Outsider is of course generally right here (#3). But there is no question but that the words are used in at least overlapping senses, especially in poetry, and in both literal and figurative senses (which cannot in any case be strictly distinguished). Both can mean, in the literal sense, "to have in one's hands", but as in (good) idiomatic English one may "hold" an opinion (using in Latin _habere_): _eum amicum habeo_ means "I regard him as / consider him [to be] a friend". In the marriage-rite of the Anglican _Book of Common Prayer_ of 1662, the phrase "to have and to hold" appears almost as a hendiadys, not in the sense of "possession" (though when it was written, women were legally considered to be men's chattels) - because both participants are required to use these words; and one thing is for sure, they both are distinct from _possideo_ (= _pot- + __sedeo_), which says (literally) "I am sitting on this and in power over it") - [so if you want to take it from me, get lost]".


----------



## Casquilho

So, _cathedram tenere _would be right?


----------



## Quiviscumque

Google books offers some medieval and modern examples. Ildefonsus (s. VII) wrote: "Isidorus post Leandrum fratrem Hispalensis sedis propriae Baeticae cathedram tenuit" (i. e., the bishopric of Seville)


----------



## Xaq

habere refers to ownership (of an item or an idea), tenere refers to something that you have at the time of the action of the verb, but may not have in the future. so, tenere is right for a position or office.


----------



## XiaoRoel

Haveria que termos ainda em conta ainda o verbo _*possideo*_. 
Eu vejo nos três verbos, na época clássica, estas diferenças. Os três significam '_possuir, ter_', mas não com o mesmo grau de amplitude semântica.
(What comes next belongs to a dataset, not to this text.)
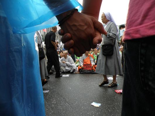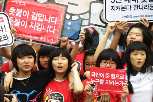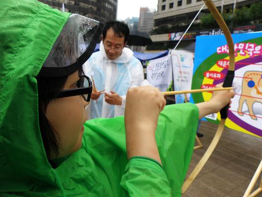 시울시청 광장에 '꼬마 로빈 훗'이 나타났다. 과녁은 '대한민국의 SRM'.ⓒ김혜영 기자 촛불 소녀들이 단체로 율동과 함께 노래를 부르고 있다.ⓒ김혜영 기자 비가 오는 날씨에도 유모차를 끈 주부들이 서울광장으로 진입하자 시민들이 박수를 치며 환호하고 있다.ⓒ김혜영 기자 촛불집회에 참석한 한 신부가 장미 꽃을 들고 있다.ⓒ김혜영 기자 시민들이 손을 맞잡고 가이드 라인을 만들어 촛불집회에 참석한 종교단체와 시민들을 보호하고 있다.ⓒ김혜영 기자

Assim, em tanto *possideo* aponta para o direito de propriedade do possuidor (na língua do direito especializa-se para designar a simples retenção da _*res*_ em quanto fosse legítima), *habeo* é um verbo de significado geral que aponta para a possessão sem mais conotações, sem ideias acessórias. *Teneo*, de onde vem o nosso _ter_, implica a ideia dos meios que se empregam para se manter na possessão duma *res* e vale o mesmo que _*occupatum habere*_. 
Ainda poderíamos falar em *obtineo* que é entrar (ou manter-se) em possessão duma _*res*_ disputada.


----------